#### EXERCISE DESCRIPTION:
If a record contains an image, leave the image out and repeat everything else exactly.

#### PROVIDED INFORMATION:
*** Begin section ***

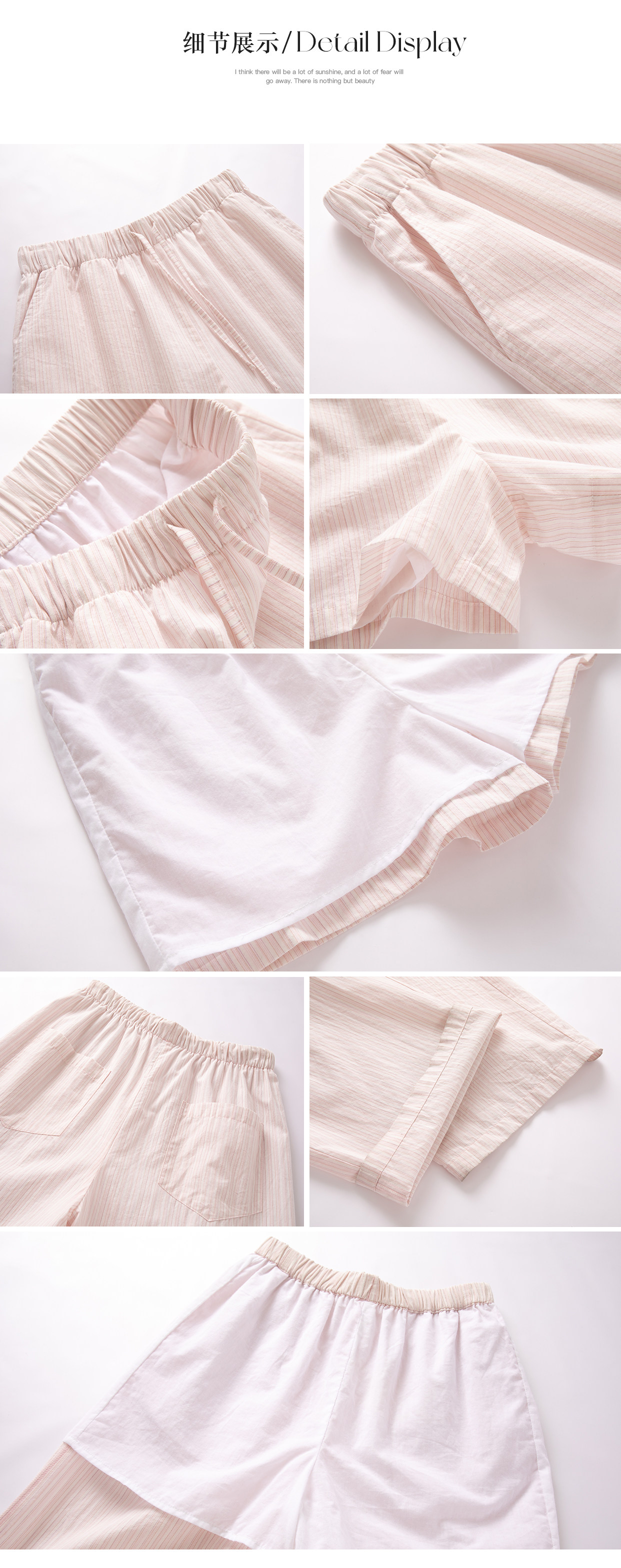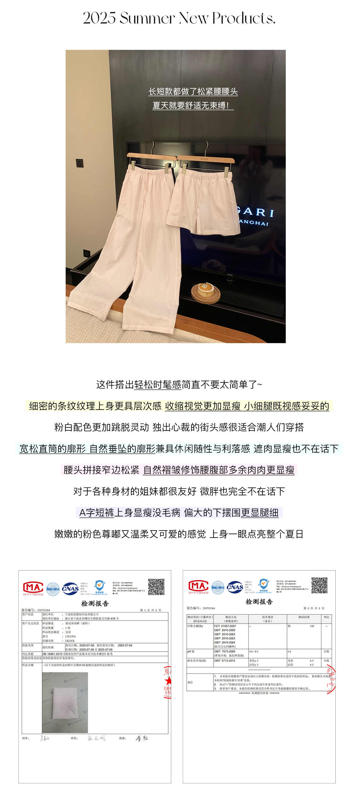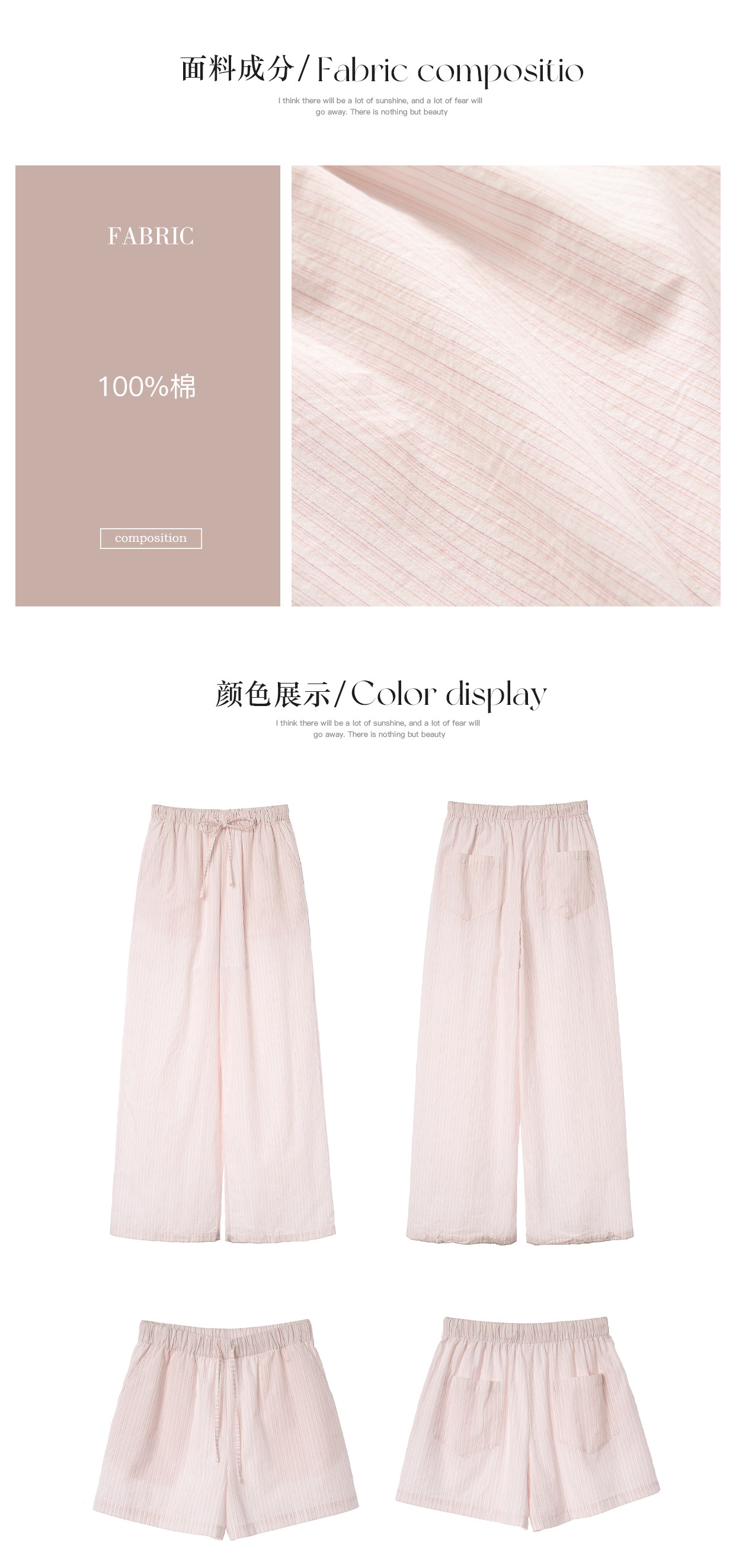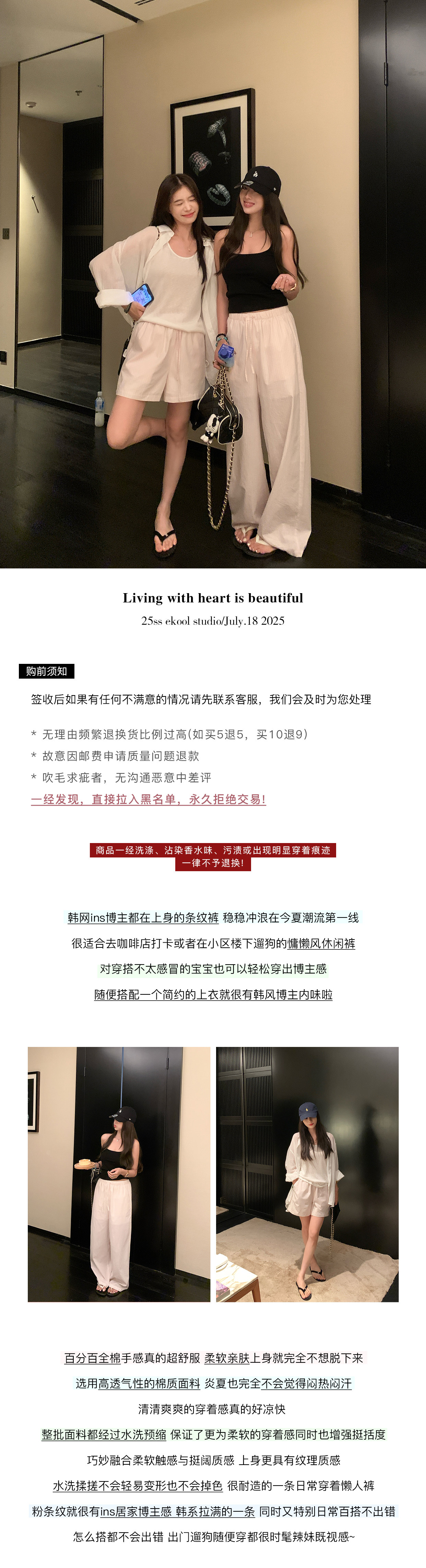 EKOOL衣库 高腰条纹系带短裤女夏季新款宽松百搭显瘦直筒休闲长裤
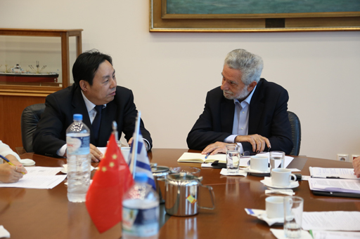 在访问希腊海运部期间,房建孟与德雷萨斯部长进行了会晤。他首先转达了国家海洋局王宏局长的问候,双方就深化海洋领域的合作,以及“中希海洋合作年”期间相互配合,开展一系列海洋领域的重要合作交流活动交换了意见。房建孟表示,希腊是文明古国,是海洋文明的发源地。中希两国合作关系良好。“中希海洋合作年”是中国第一次与外国以海洋为主题举办得双边友好年,意义十分重大。国家海洋局将在“中希海洋合作年”期间,加强与希腊海运部等海洋管理部门的合作,开展海洋科技、海洋人文和海洋经贸等领域的合作与交流,谋划好、筹备好“第二届中希海洋合作论坛”等重要活动。德雷萨斯对中国代表团表示热烈欢迎。他强调,中国代表团参加“欧洲海洋日”具有重要和积极的意义。希腊政府高度重视“中希海洋合作年”,珍惜这一良好的契机,希望与中国开展更广泛的海洋合作,并加强双方在海洋国际组织框架下的相互合作与支持。他建议双方在今年9月召开中希海洋合作联合委员会第一次会议。
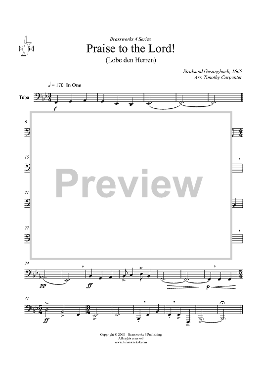 Digital Sheet Music for Praise to the Lord! - Tuba by Timothy Carpenter, Stralsund Gesangbuch scored for Brass Quintet; id:410408
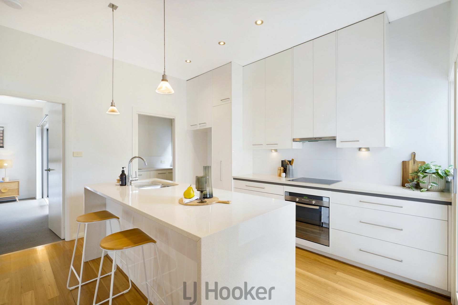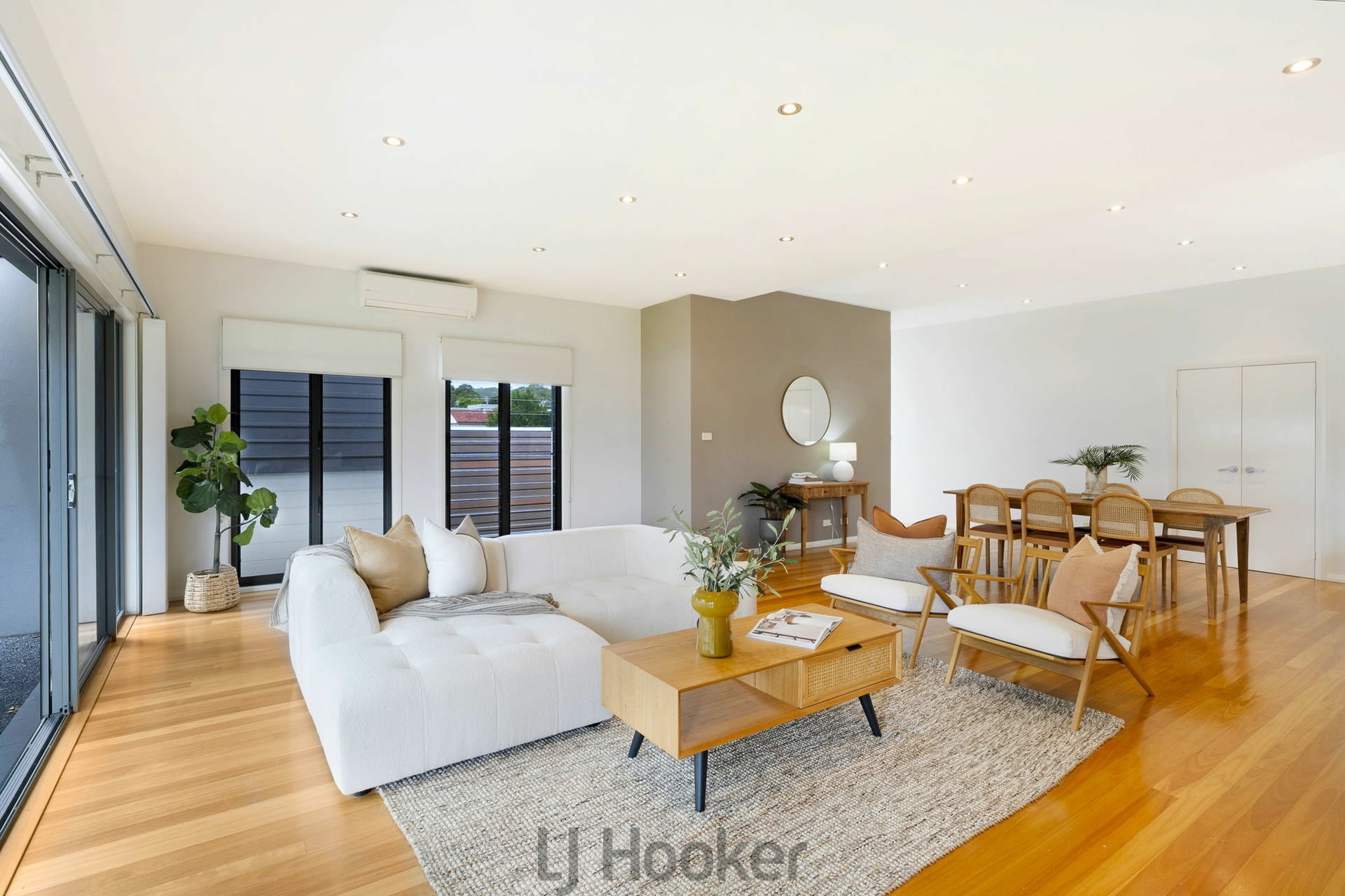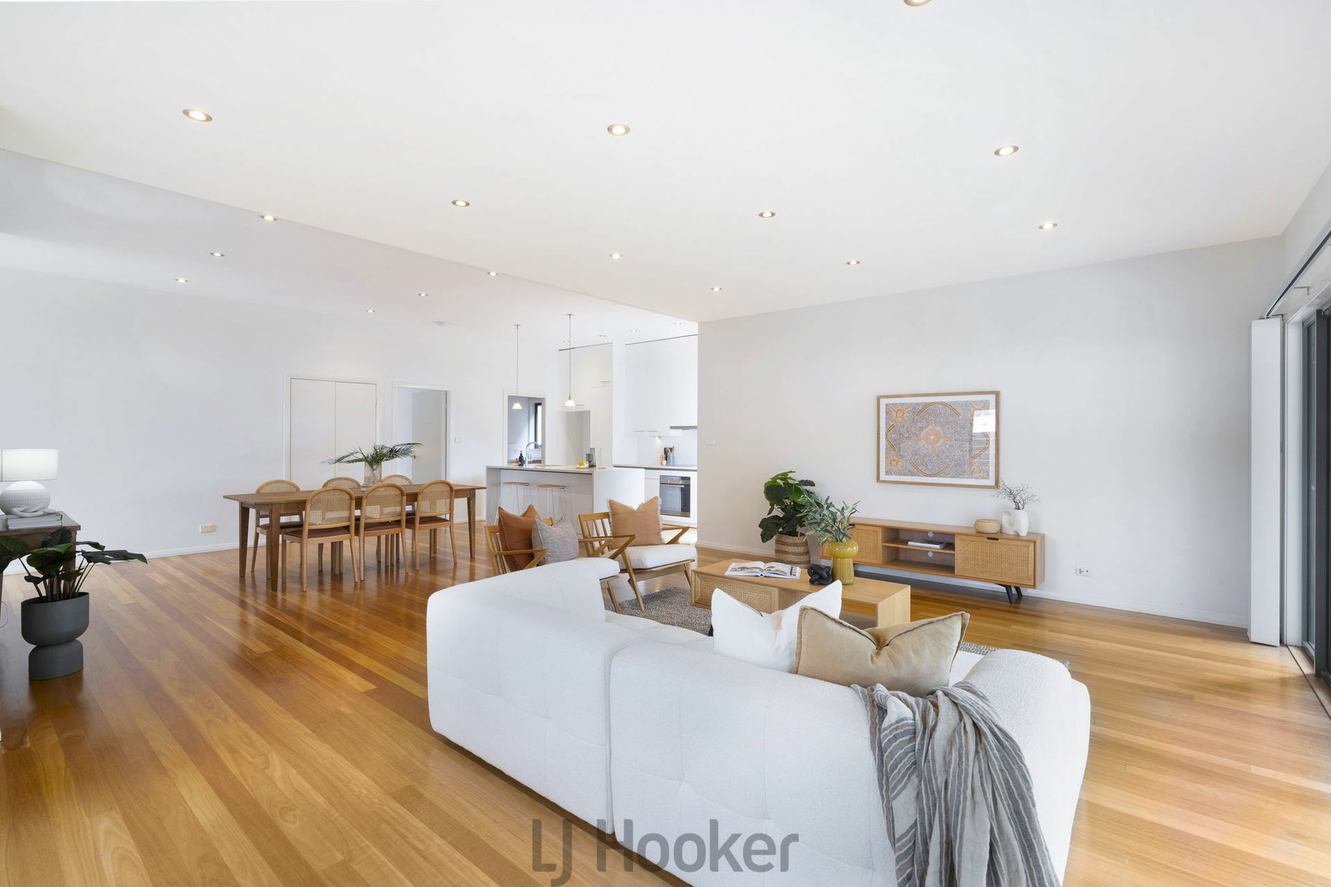 •Expansive open plan kitchen, dining and living area that is exceptionally spacious for a townhouse, enhanced by solid timber flooring and reverse cycle air conditioning.
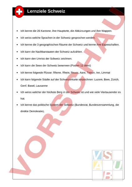 Lernziele Schweiz • Ich kenne die 26 Kantone, ihre Hauptorte, die Abkürzungen und ihre Wappen. • Ich weiss welche Sprachen in der Schweiz gesprochen werden. • Ich kenne die 3 geographischen Räume der Schweiz und kenne ihre Eigenschaften. • Ich kann die Nachbarstaaten der Schweiz aufzählen. • Ich kann den Umriss der Schweiz zeichnen. • Ich kann die Seen der Schweiz benennen (Posten 11 oben) • Ich kenne folgende Flüsse: Rhone, Rhein, Reuss, Aare, Tessin, Inn, Limmat • Ich kann folgende Städte auf der Schweizerkarte einzeichnen: Luzern, Bern, Zürich, Genf, Basel, Lausanne • Ich weiss welcher der höchste Berg in der Schweiz ist und wie viele Viertausender es hat. • Ich kenne das politische System der Schweiz (Bundesrat, Bundesversammlung, die direkte Demokratie).
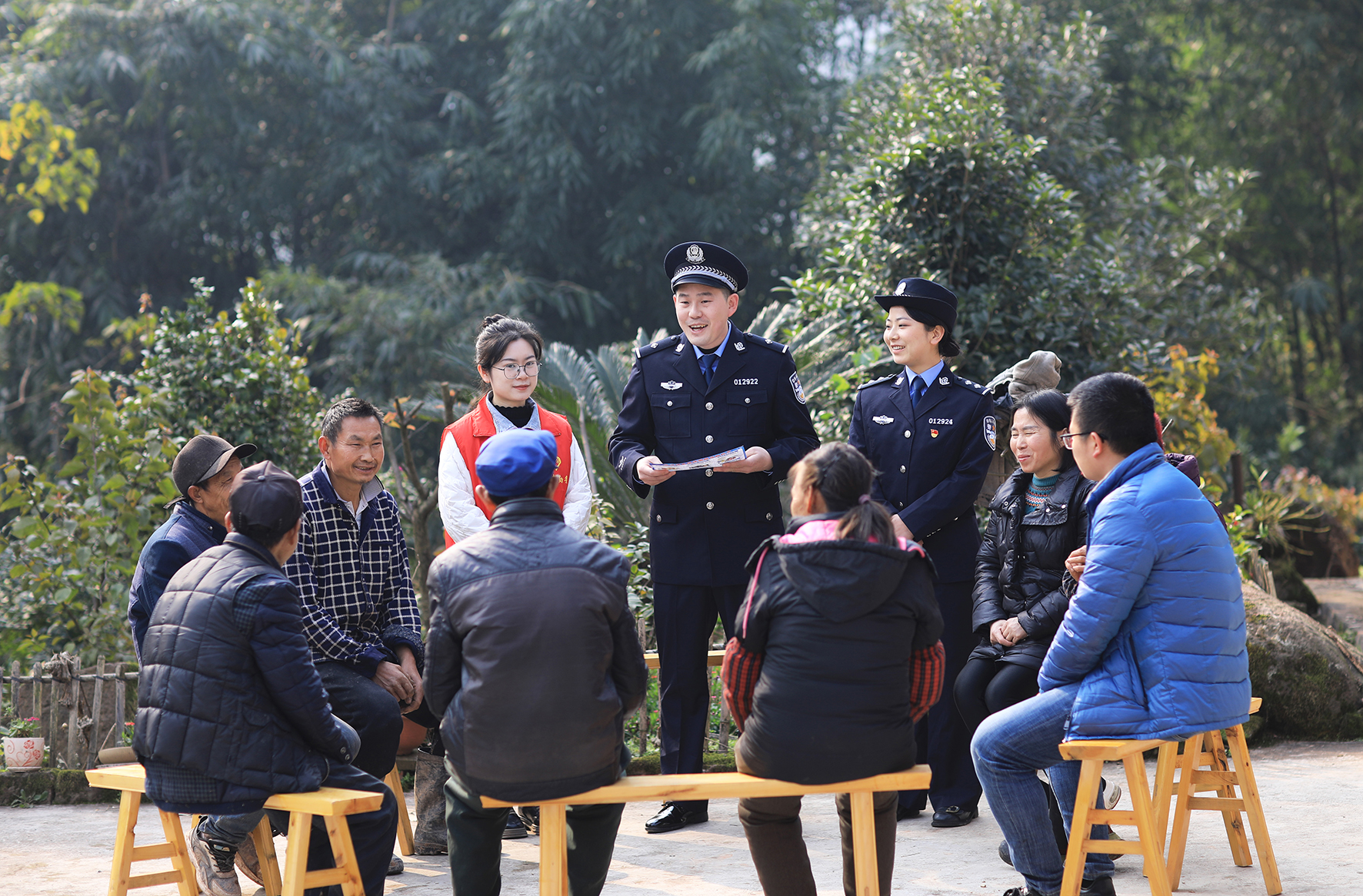 圖為12月27日,在赤水市官渡鎮(zhèn)玉皇村,民警和黨員志愿者在“院壩會(huì)”上向群眾普及禁毒禁賭、防火防盜等知識(shí)。

*** End section ***

#### EXPECTED ANSWER:
 EKOOL衣库 高腰条纹系带短裤女夏季新款宽松百搭显瘦直筒休闲长裤
 在访问希腊海运部期间,房建孟与德雷萨斯部长进行了会晤。他首先转达了国家海洋局王宏局长的问候,双方就深化海洋领域的合作,以及“中希海洋合作年”期间相互配合,开展一系列海洋领域的重要合作交流活动交换了意见。房建孟表示,希腊是文明古国,是海洋文明的发源地。中希两国合作关系良好。“中希海洋合作年”是中国第一次与外国以海洋为主题举办得双边友好年,意义十分重大。国家海洋局将在“中希海洋合作年”期间,加强与希腊海运部等海洋管理部门的合作,开展海洋科技、海洋人文和海洋经贸等领域的合作与交流,谋划好、筹备好“第二届中希海洋合作论坛”等重要活动。德雷萨斯对中国代表团表示热烈欢迎。他强调,中国代表团参加“欧洲海洋日”具有重要和积极的意义。希腊政府高度重视“中希海洋合作年”,珍惜这一良好的契机,希望与中国开展更广泛的海洋合作,并加强双方在海洋国际组织框架下的相互合作与支持。他建议双方在今年9月召开中希海洋合作联合委员会第一次会议。
 Digital Sheet Music for Praise to the Lord! - Tuba by Timothy Carpenter, Stralsund Gesangbuch scored for Brass Quintet; id:410408
 •Expansive open plan kitchen, dining and living area that is exceptionally spacious for a townhouse, enhanced by solid timber flooring and reverse cycle air conditioning.
 Lernziele Schweiz • Ich kenne die 26 Kantone, ihre Hauptorte, die Abkürzungen und ihre Wappen. • Ich weiss welche Sprachen in der Schweiz gesprochen werden. • Ich kenne die 3 geographischen Räume der Schweiz und kenne ihre Eigenschaften. • Ich kann die Nachbarstaaten der Schweiz aufzählen. • Ich kann den Umriss der Schweiz zeichnen. • Ich kann die Seen der Schweiz benennen (Posten 11 oben) • Ich kenne folgende Flüsse: Rhone, Rhein, Reuss, Aare, Tessin, Inn, Limmat • Ich kann folgende Städte auf der Schweizerkarte einzeichnen: Luzern, Bern, Zürich, Genf, Basel, Lausanne • Ich weiss welcher der höchste Berg in der Schweiz ist und wie viele Viertausender es hat. • Ich kenne das politische System der Schweiz (Bundesrat, Bundesversammlung, die direkte Demokratie).
 圖為12月27日,在赤水市官渡鎮(zhèn)玉皇村,民警和黨員志愿者在“院壩會(huì)”上向群眾普及禁毒禁賭、防火防盜等知識(shí)。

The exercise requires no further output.